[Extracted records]
-- Opening Marker --
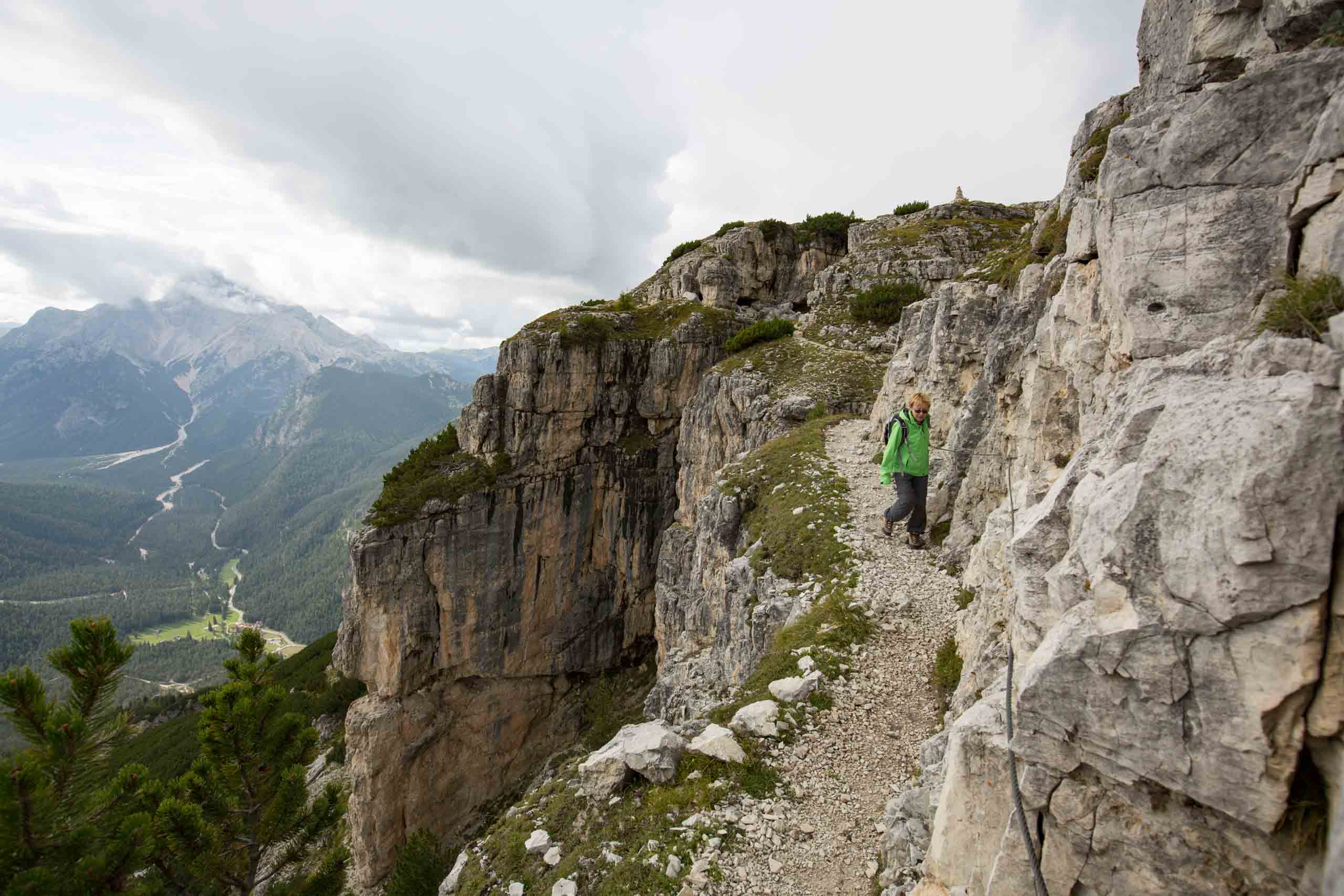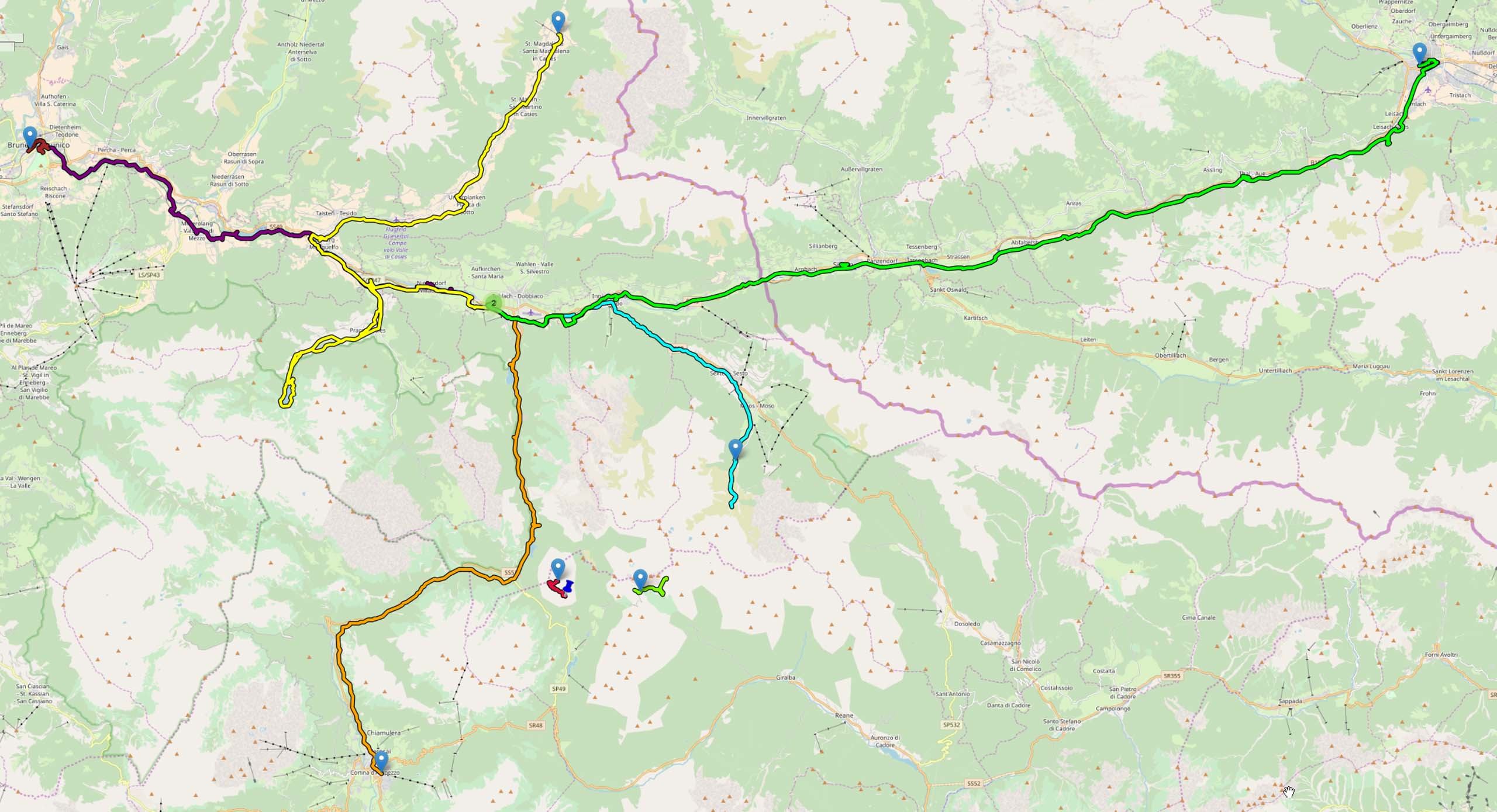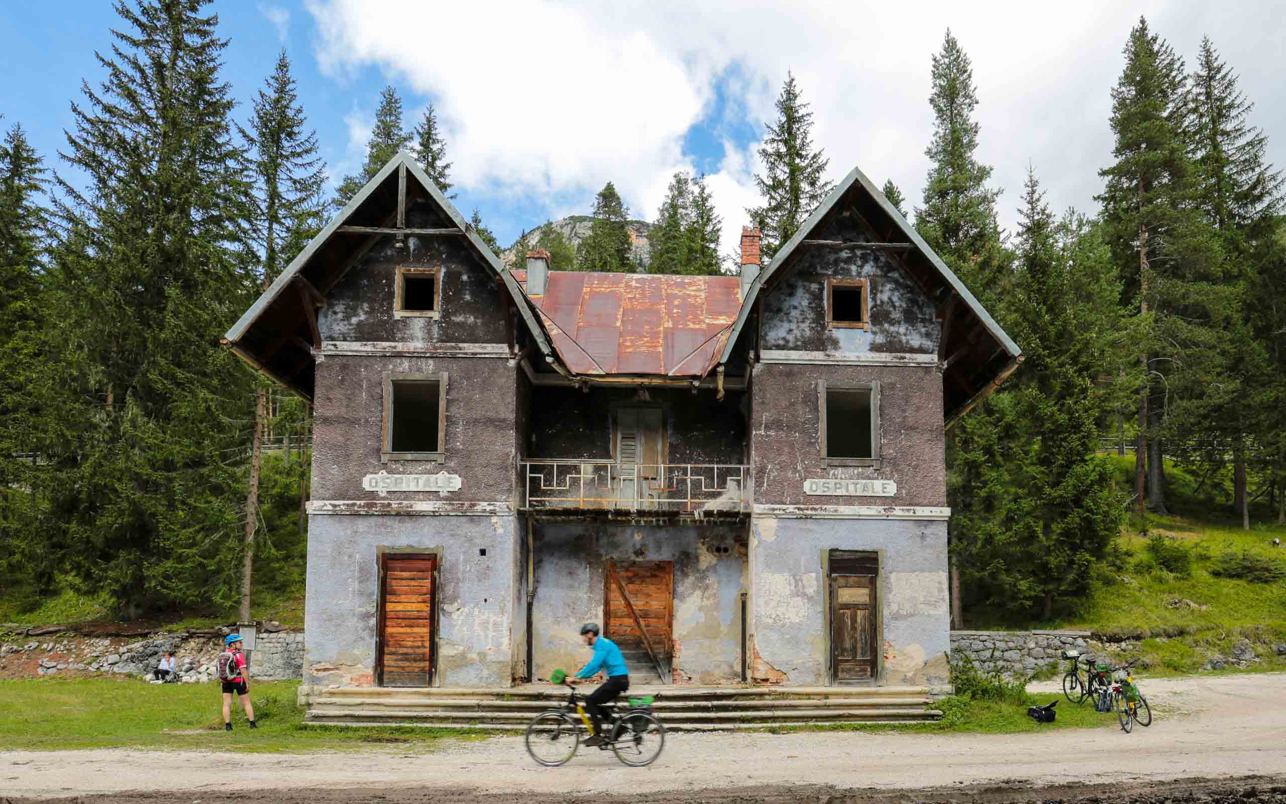 Die erste offizielle Tagesetappe führte uns nach Cortina d’Ampezzo, dem Austragungsort der Olympischen Winterspiele 1956. Nach kurzer Ortsbeichtigung folgten wir dem Fahrradweg auf der ehemaligen Dolomitenbahn zum einst höchsten Punkt der Bahn, nach Gemärk/Cimabanche.
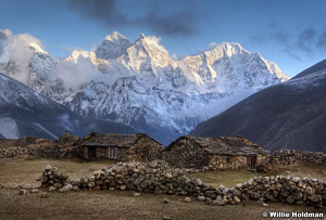 I fell in love with the Khumbu region and towering peaks with their hanging glaciers. We also found the site where a picture that captivated our imaginations years before at the Park City Arts Festival had been taken. It moved us both tremendously.
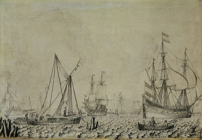 In de 17de en 18de eeuw was de Zuiderzee, tegenwoordig het IJsselmeer, een zeer druk bevaren binnenzee. Vanuit Amsterdam voeren de grote koopvaarders via de Zuiderzee naar Texel om van daaruit naar een verre bestemming te koersen. Op dit schilderij staat een gewapende koopvaarder centraal, rechts daarvan is een beurtschip afgebeeld. ( Norbert Middelkoop)
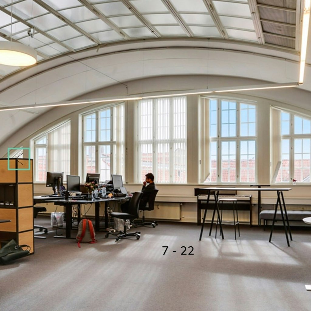 Med det her kontor får I 607 kvadratmetre at boltre jer på. Hver måned koster det 1800 kroner per kvadratmeter, den månedlige drift og skatter koster 259,2 og vand og varme koster 112,8.
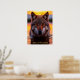 Poster shown with a photo print of a wild wolf in the water in Yellowstone National Park, USA.
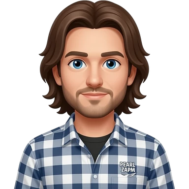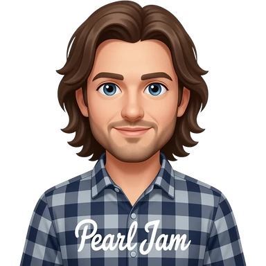 man with long brown hair, checkered shirt logo "pearl jam" on shirt emoji
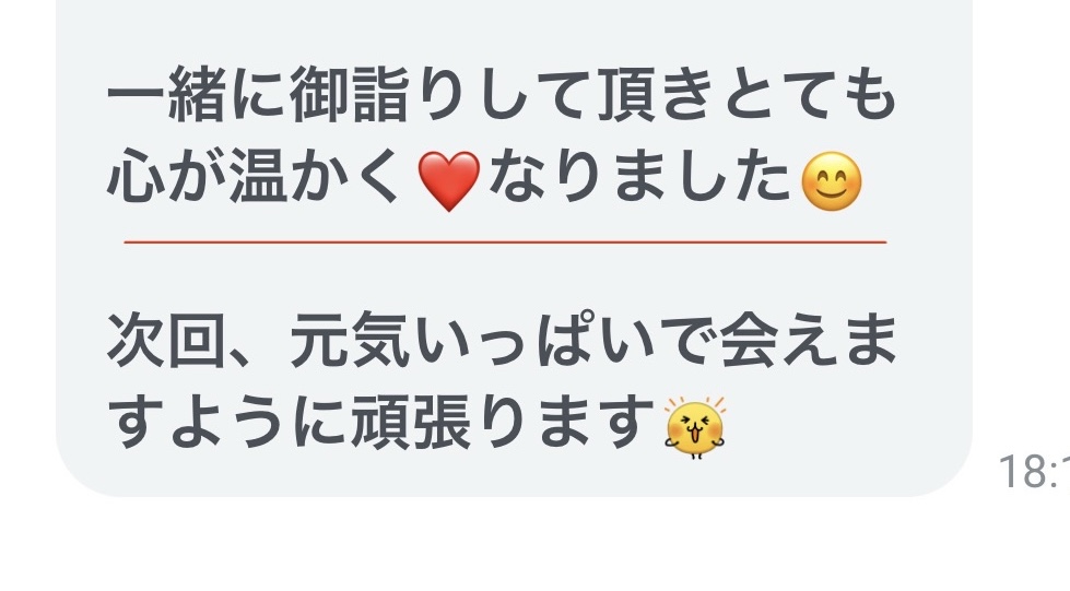 一緒にお詣りしたお客さまから、こんなLINEメッセージが届きました。
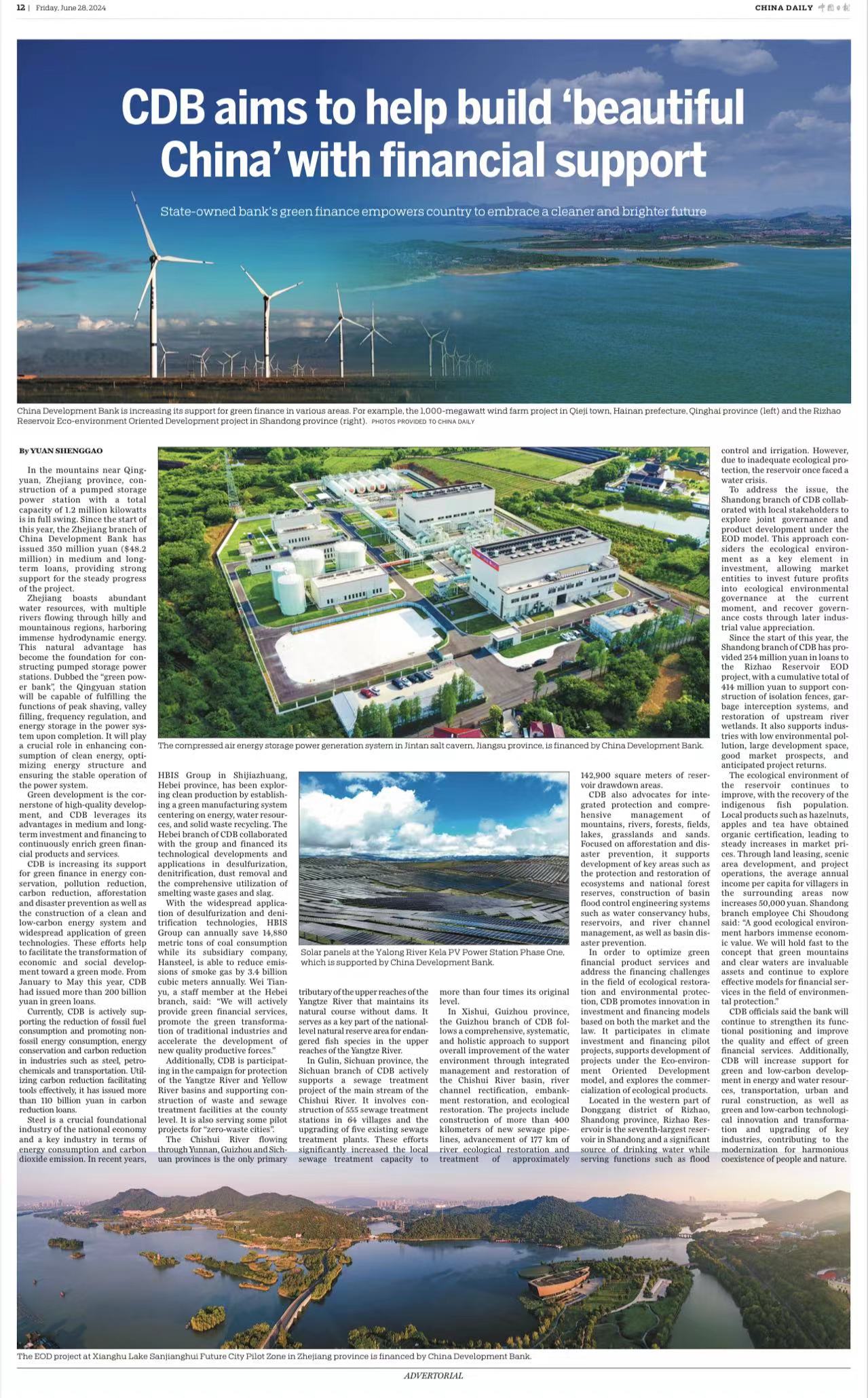 CDB officials said the bank will continue to strengthen its functional positioning and improve the quality and effect of green financial services. Additionally, CDB will increase support for green and low-carbon development in energy and water resources, transportation, urban and rural construction, as well as green and low-carbon technological innovation and transformation and upgrading of key industries, contributing to the modernization for harmonious coexistence of people and nature.
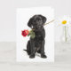 Fira Alla hjärtans dag med detta hjärtsmältande kort med en svart labrador retriever som visar upp en söt Lab-valp som håller en enda röd ros. Kända för sin lojalitet, sötma och gränslösa kärlek är svarta labradorer den perfekta symbolen för hängivenhet och hjärtlig anknytning.
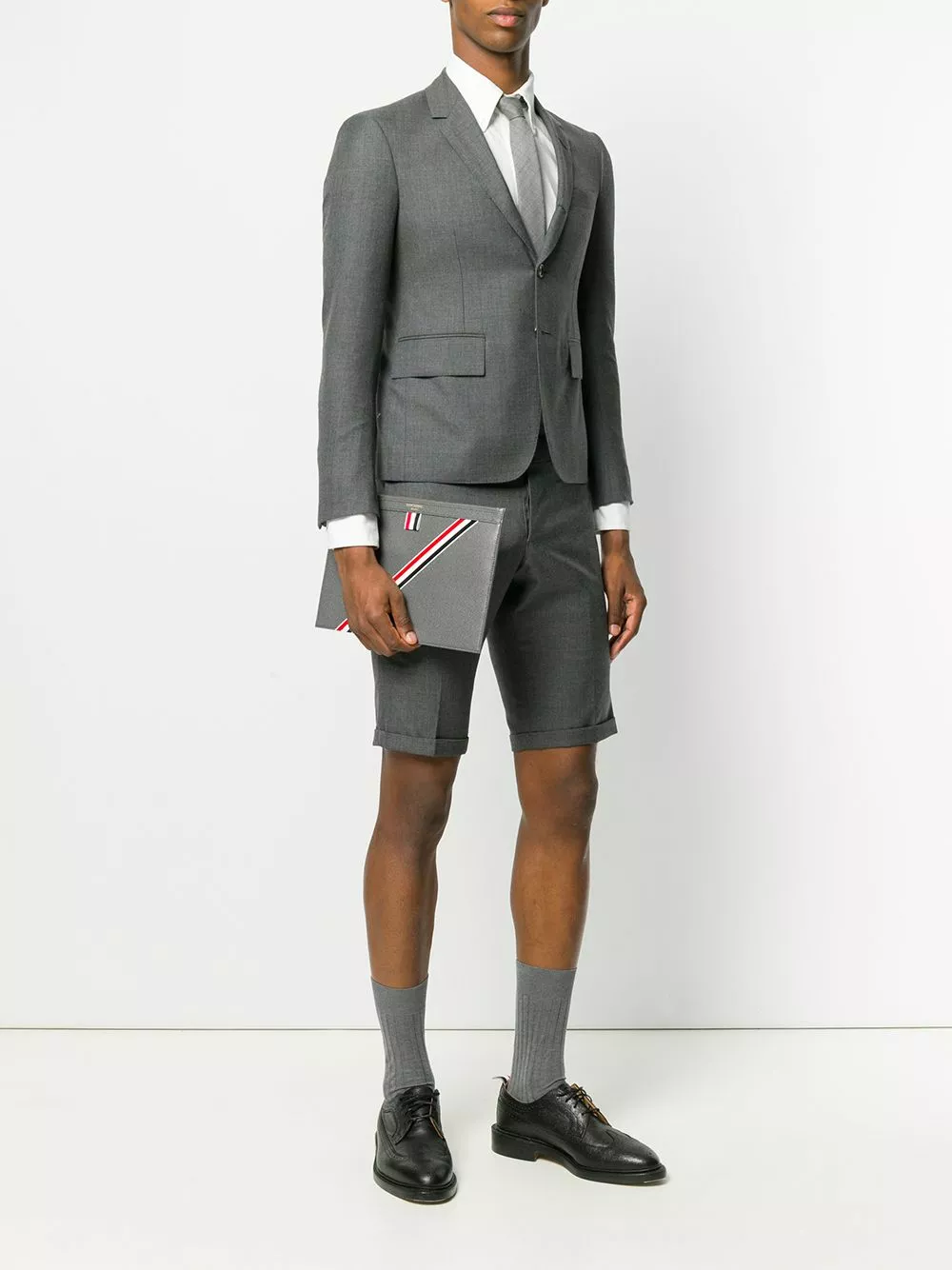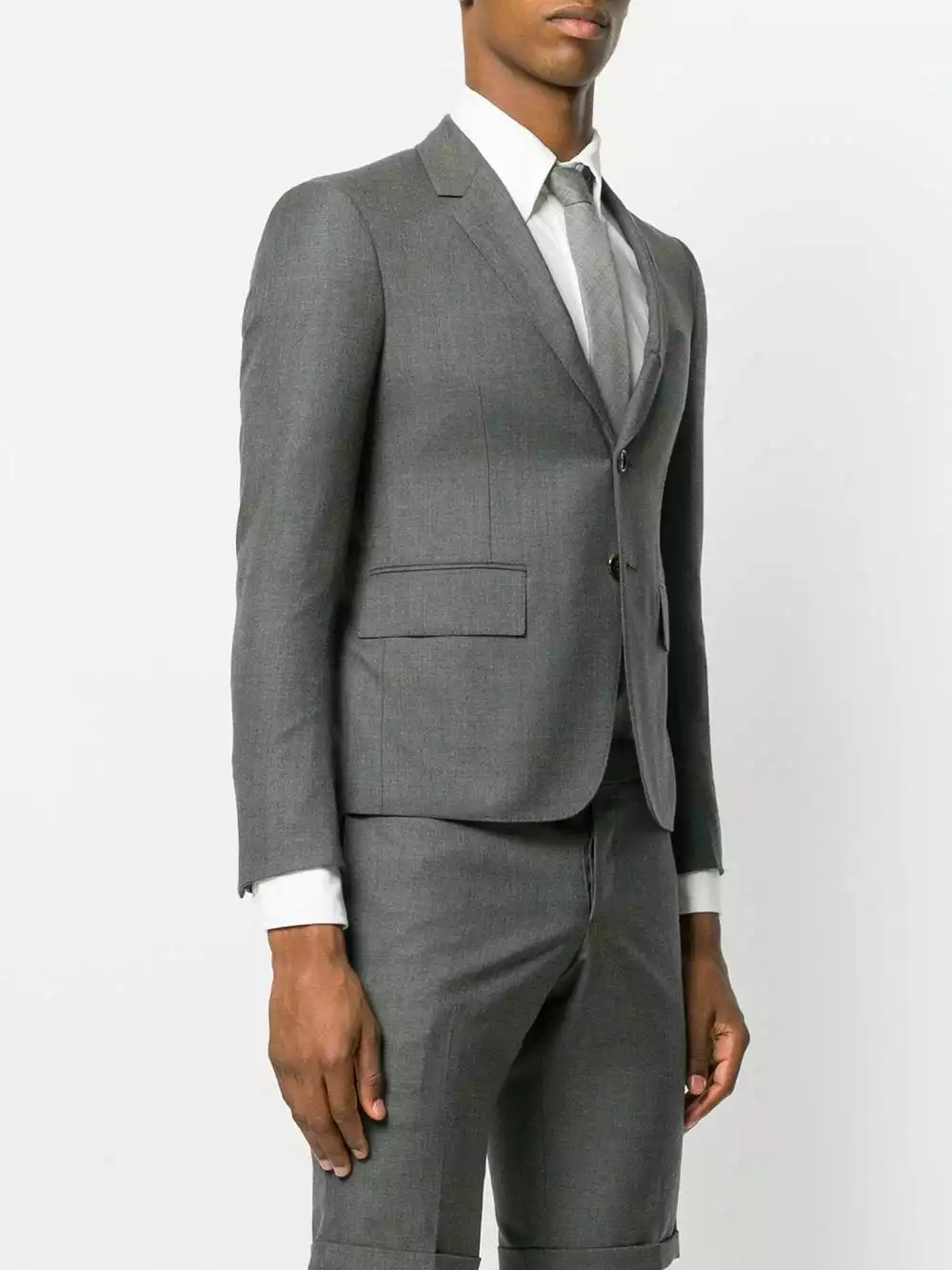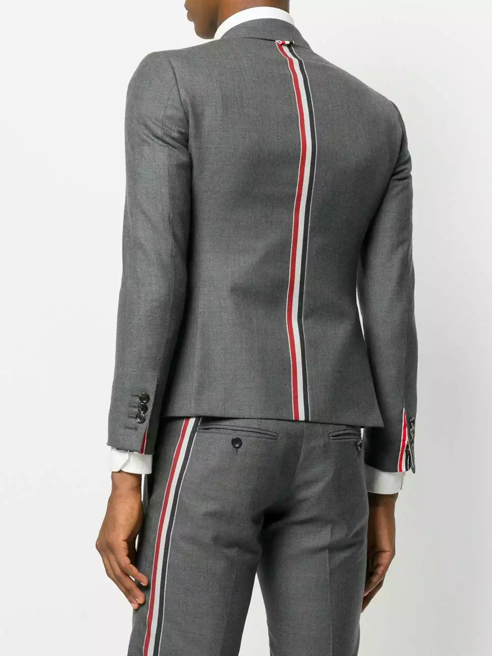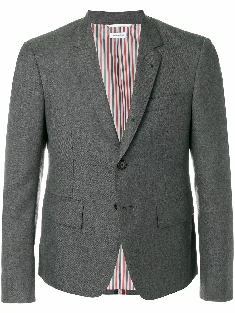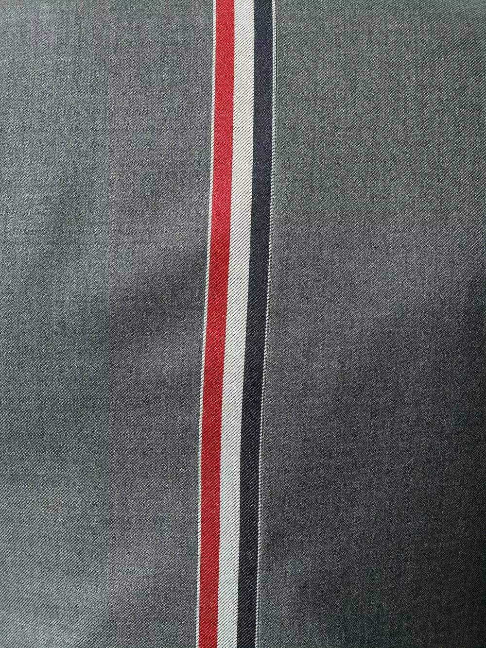 Dark grey wool Center-back Stripe Sport Coat from Thom Browne featuring notched lapels, a front button fastening, a chest pocket, front flap pockets, cropped sleeves, button cuffs, a slim fit, a double vent to the rear, a straight hem and a signature striped lining.
-- Closing Marker --
_Your goal:_ Each record must appear again exactly as written above, without its pictures.

_Result for this task:_
 Die erste offizielle Tagesetappe führte uns nach Cortina d’Ampezzo, dem Austragungsort der Olympischen Winterspiele 1956. Nach kurzer Ortsbeichtigung folgten wir dem Fahrradweg auf der ehemaligen Dolomitenbahn zum einst höchsten Punkt der Bahn, nach Gemärk/Cimabanche.
 I fell in love with the Khumbu region and towering peaks with their hanging glaciers. We also found the site where a picture that captivated our imaginations years before at the Park City Arts Festival had been taken. It moved us both tremendously.
 In de 17de en 18de eeuw was de Zuiderzee, tegenwoordig het IJsselmeer, een zeer druk bevaren binnenzee. Vanuit Amsterdam voeren de grote koopvaarders via de Zuiderzee naar Texel om van daaruit naar een verre bestemming te koersen. Op dit schilderij staat een gewapende koopvaarder centraal, rechts daarvan is een beurtschip afgebeeld. ( Norbert Middelkoop)
 Med det her kontor får I 607 kvadratmetre at boltre jer på. Hver måned koster det 1800 kroner per kvadratmeter, den månedlige drift og skatter koster 259,2 og vand og varme koster 112,8.
 Poster shown with a photo print of a wild wolf in the water in Yellowstone National Park, USA.
 man with long brown hair, checkered shirt logo "pearl jam" on shirt emoji
 一緒にお詣りしたお客さまから、こんなLINEメッセージが届きました。
 CDB officials said the bank will continue to strengthen its functional positioning and improve the quality and effect of green financial services. Additionally, CDB will increase support for green and low-carbon development in energy and water resources, transportation, urban and rural construction, as well as green and low-carbon technological innovation and transformation and upgrading of key industries, contributing to the modernization for harmonious coexistence of people and nature.
 Fira Alla hjärtans dag med detta hjärtsmältande kort med en svart labrador retriever som visar upp en söt Lab-valp som håller en enda röd ros. Kända för sin lojalitet, sötma och gränslösa kärlek är svarta labradorer den perfekta symbolen för hängivenhet och hjärtlig anknytning.
 Dark grey wool Center-back Stripe Sport Coat from Thom Browne featuring notched lapels, a front button fastening, a chest pocket, front flap pockets, cropped sleeves, button cuffs, a slim fit, a double vent to the rear, a straight hem and a signature striped lining.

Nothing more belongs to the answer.